BMT and BLI. WT (CD45.2⁺Thy1.2⁺) or Thy1.1⁺ congenic marker transgenic (CD45.2⁺Thy1.1⁺) BALB/c mice were irradiated at 3.3 Gy 4 hours before BM cell (BMC) transfer. BM was collected from femurs and vertebraes of Luc⁺C57BL/6 mice. Suspended BMCs were passed through a 70 μm mesh, and red blood cells were removed with ACK lysing buffer (Lonza). BM T cells were not removed in this study. BMCs were suspended in PBS and injected at 15 × 10⁶ cells/mouse together with recovered expanded Tregs (1 × 10⁶). Anti-CD40L (MR1; BioXcell) was diluted with PBS and injected i.p. at 0.3 mg/mouse right after BMC transfer. WT or ortho IL-2 MSA was diluted with PBS and injected i.p. at 25,000 IU/dose daily from d0 to d14. BLI was performed as described previously (43) on d4, d7, d10, d14, d21, and d28 after BMT. Briefly, d-Luciferin Firefly (Biosynth) was injected i.p. 10 minutes prior to acquisition with Ami Imager, and images were analyzed with Aura software (Spectral Instruments Imaging).

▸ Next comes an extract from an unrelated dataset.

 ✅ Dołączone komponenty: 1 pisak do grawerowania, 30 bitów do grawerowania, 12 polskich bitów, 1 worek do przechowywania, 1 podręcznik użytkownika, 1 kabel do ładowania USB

Flow cytometry. Six days after BMT, mice were sacrificed and single-cell suspensions were obtained from whole blood, lymph nodes, and spleen. Blood cells were removed with ACK and subsequently incubated with Fc-block reagent, followed by staining with the following antibody cocktails purchased from BioLegend: CD45.1 (clone A20), CD45.2 (clone 104), Thy1.1 (clone OX7), Thy1.2 (clone 53-2.1), TCR-β (clone H57-597), CD4 (clone GK1.5), CD8a (clone 53-6.7), CD19 (clone 6D5), CD25 (clone PC61), and ICOS (clone C398.4A). For blood chimerism analysis, blood samples were obtained from the tail tip and suspended into heparin-PBS. After lysins red blood cells, cells were incubated with H2K^d (clone SF1-1.1.1, Thermo Fisher Scientific), H2K^b (clone AF6-88.5), CD45.1, CD45.2, TCR-β, CD4, CD8a, CD19, CD25, Gr1 (clone RB6-8C5), and CD11b (clone M1/70) (all BioLegend). Cells were acquired by LSRII (BD), and data were analyzed with FlowJo software (BD).

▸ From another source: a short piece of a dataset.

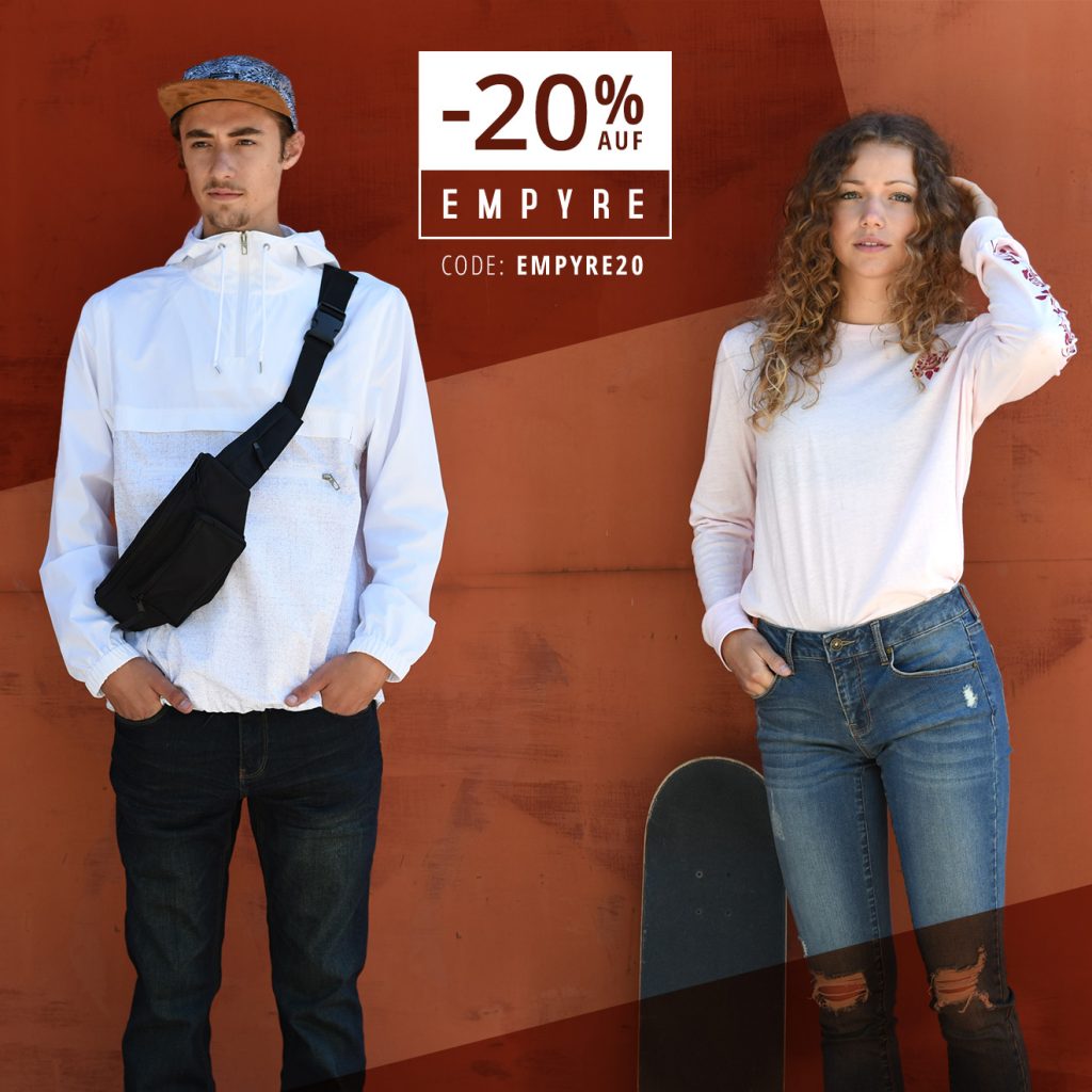 Um von der Aktion zu profitieren, musst du den Code „EMPYRE20“ angeben. In der Kollektion findest du moderne Freizeitkleidung für Damen und Herren. Alles ist im Surfer-Stil gehalten, sodass es etwa auch Boardshorts gibt.

All original RNA-Seq data were deposited in the NCBI’s Gene Expression Omnibus database (GEO GSE166713) https://www.ncbi.nlm.nih.gov/geo/query/acc.cgi?acc=GSE166713

Additional methods are provided in Supplemental Methods.

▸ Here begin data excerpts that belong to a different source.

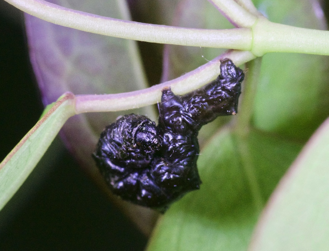 下の写真は、近くのアケビの葉にいたオカモトトゲエダシャクの真っ黒な若齢幼虫(2齢幼虫か)。
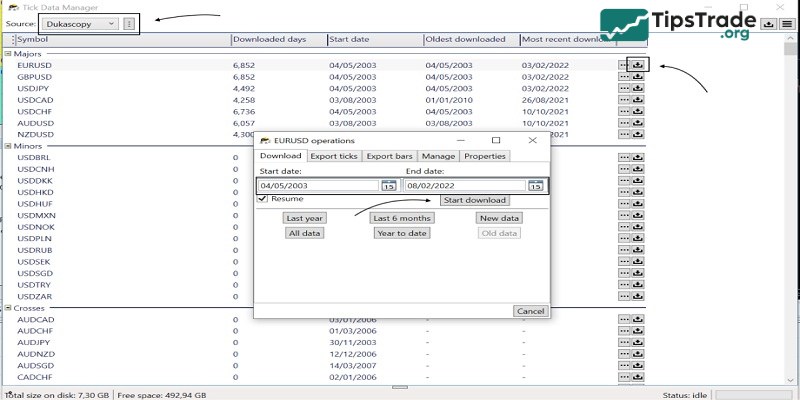 After installing TDS, open Tick Data Manager. Choose a broker and select the currency pair and time period for which you want to download tick data. Click the download icon and specify the time range to get the data.
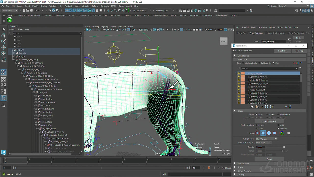 Parween also instructs how to create the FK/IK switch setup for the limbs, as well as the IK stretch setup, and the double FK control structure technique for the toe setup. You’ll learn the Limb Lock technique, the scapula auto aim setup, and discover Parween’s belly trick setup with cMuscleSmartConstraint node. He also covers the skinning weight technique using Maya’s skinning tools.

Statistics. Statistical differences were calculated with Welch’s 2-sample t test or Mann-Whitney U test for 2-group comparison and Dunn’s Kruskal-Wallis test for multiple comparisons by R version 3.6.1. Repeated measures 2-way ANOVA followed by Dunnett’s multiple-comparisons test for time-course analysis for BLI and log-rank test for heart graft survival were performed using GraphPad Prism, version 8.3.0 (GraphPad Software, LCC).

Study approval. Animal protocols were approved by the Institutional Animal Care and Use Committee of Stanford University.